The price-to-earnings (P/E) ratio, given its apparent simplicity, is the most-preferred one among valuation metrics in the investment toolkit for assessing the fair market value of a stock. The idea of chasing stocks with a low P/E is ingrained in the minds of many value investors. However, even this broadly used equity valuation multiple has a few pitfalls.
What Makes EV/EBITDA a Better Substitute?
Although P/E is the most commonly used tool for evaluating a firm’s value, a more complicated metric called EV/EBITDA does a better job. EV/EBITDA offers a clearer image of a company’s valuation and earnings potential. The ratio also has a more complete approach to valuation as it determines the total value of a firm as opposed to P/E which considers only its equity portion.
EV/EBITDA, also known as the enterprise multiple, is the enterprise value (EV) of a stock divided by its earnings before interest, taxes, depreciation and amortization (EBITDA). EV is the sum of a company’s market capitalization, its debt and preferred stock minus cash and cash equivalents. In essence, it is the full value of a company.
EBITDA, the other element of the ratio, gives a clearer picture of a company’s profitability as it removes the impact of non-cash expenses like depreciation and amortization that depress net earnings. It is also often used as a proxy for cash flows.
Usually, the lower the EV/EBITDA ratio, the more appealing it is. A low EV/EBITDA ratio could signal that a stock is potentially undervalued.
EV/EBITDA takes into account the debt on a company’s balance sheet that P/E ratio ignores.
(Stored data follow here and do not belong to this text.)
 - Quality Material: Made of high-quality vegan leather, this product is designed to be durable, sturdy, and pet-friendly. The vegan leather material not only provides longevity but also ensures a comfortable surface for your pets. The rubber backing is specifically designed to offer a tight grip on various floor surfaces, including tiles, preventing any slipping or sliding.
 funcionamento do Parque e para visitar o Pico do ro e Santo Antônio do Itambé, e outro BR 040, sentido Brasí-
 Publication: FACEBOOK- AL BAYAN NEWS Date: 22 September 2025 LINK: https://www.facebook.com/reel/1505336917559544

Due to this reason, EV/EBITDA is generally used to value potential acquisition targets as it shows the amount of debt the acquirer has to bear. Stocks with a low EV/EBITDA multiple could be seen as attractive takeover candidates.
Another downside of P/E is that it can’t be used to value a loss-making entity. A firm’s earnings are also subject to accounting estimates and management manipulation. In contrast, EV/EBITDA is less amenable to manipulate and can also be used to value firms that have negative net earnings but are positive on the EBITDA front.
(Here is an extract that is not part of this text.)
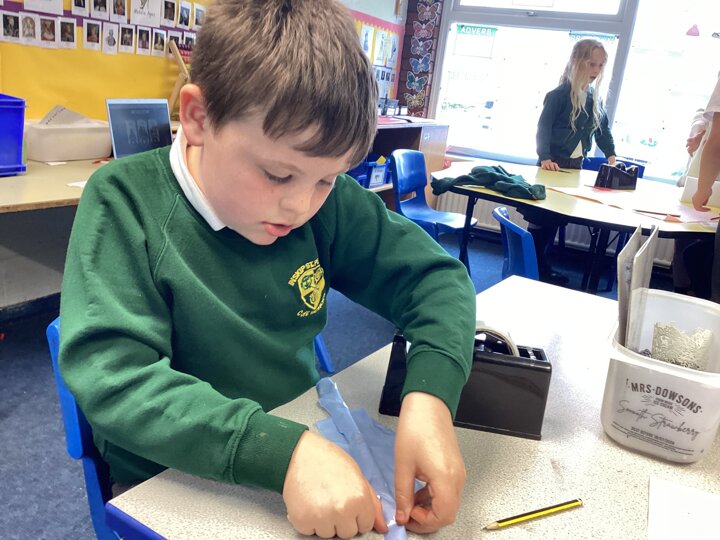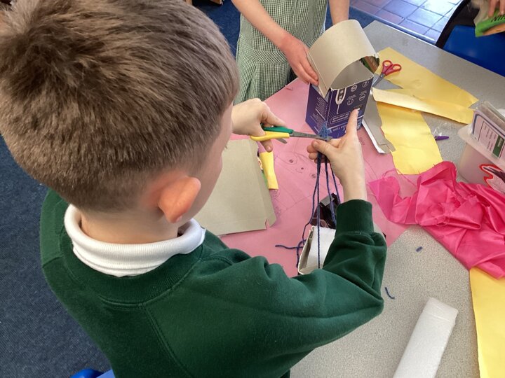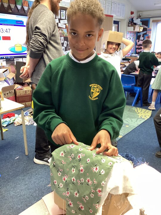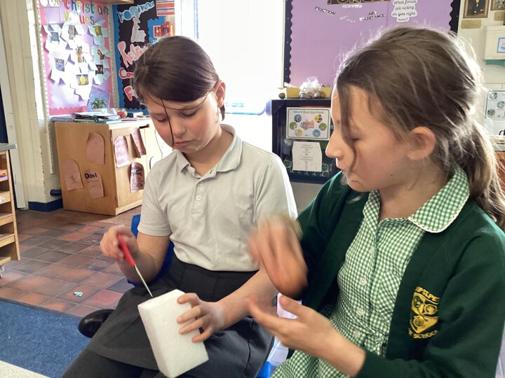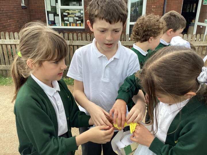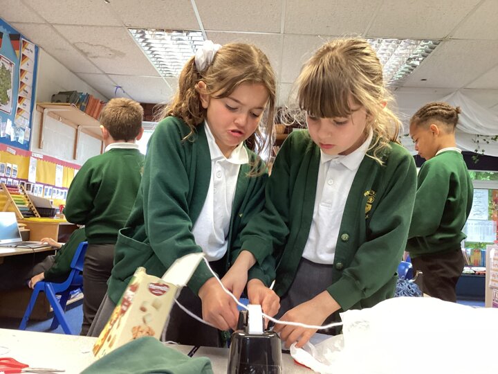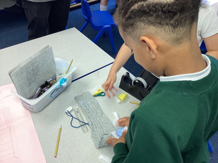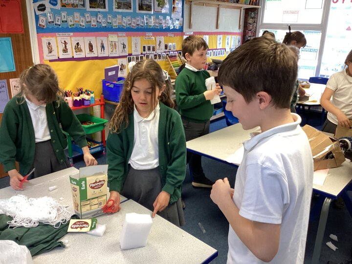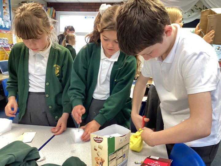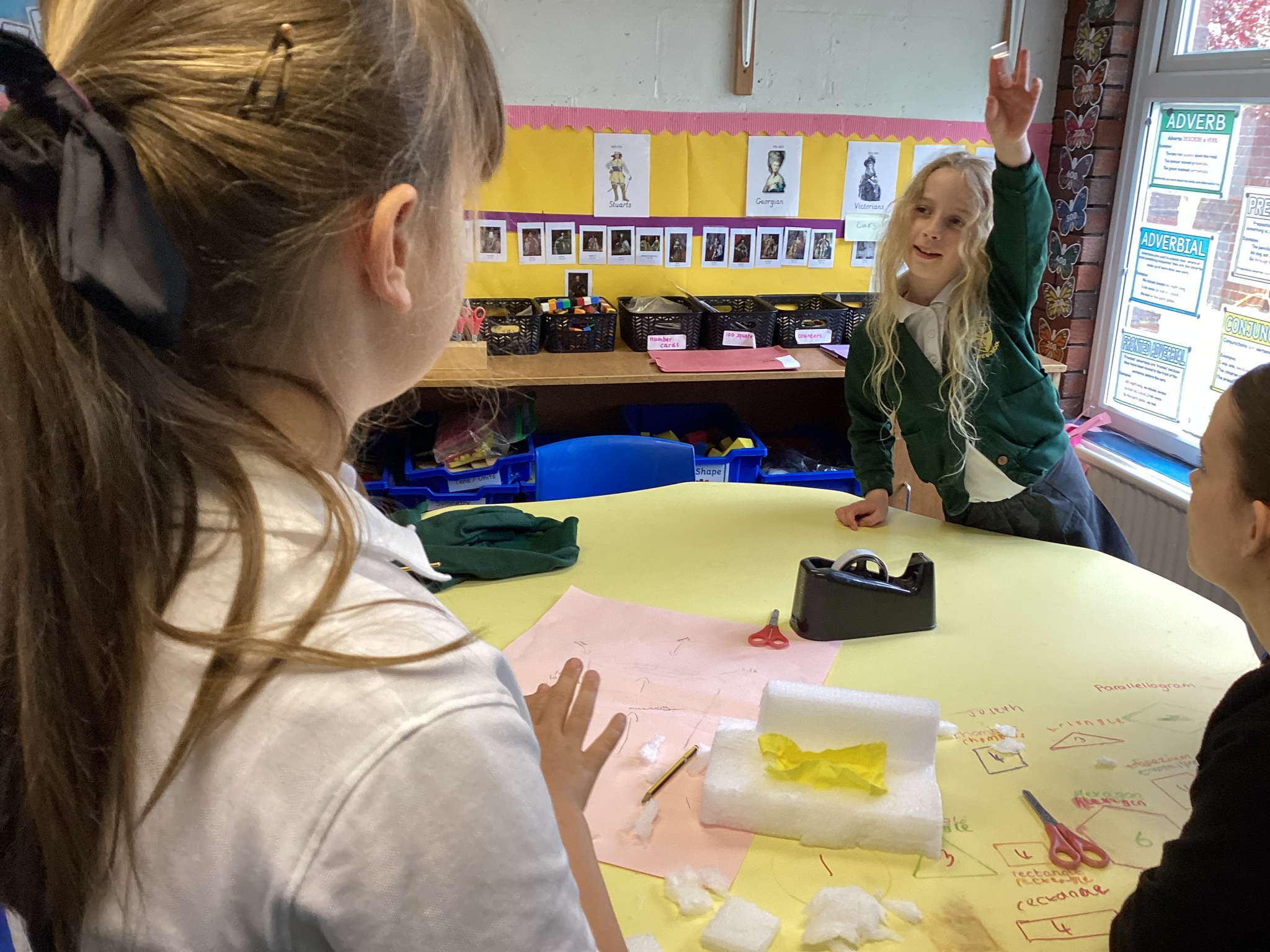 Children used their science knowledge of air resistance and drag to help them create a design that would slow down their egg before it hit the ground. Children also used their DT knowledge of construction to assure that the egg had a good structure to sit inside that would protect them.

EV/EBITDA is also a useful tool in assessing the value of firms with high balance sheet leverage and substantial depreciation and amortization expenses. It also can be used to compare companies with different levels of debt.
But EV/EBITDA has its downsides too. It alone can’t conclusively determine a stock’s inherent potential and future performance. The ratio varies across industries and is usually not appropriate while comparing stocks in different industries given their diverse capital spending requirements.
As such, instead of solely banking on EV/EBITDA, you can combine it with the other major ratios such as price-to-book (P/B), P/E and price-to-sales (P/S) to screen true value stocks.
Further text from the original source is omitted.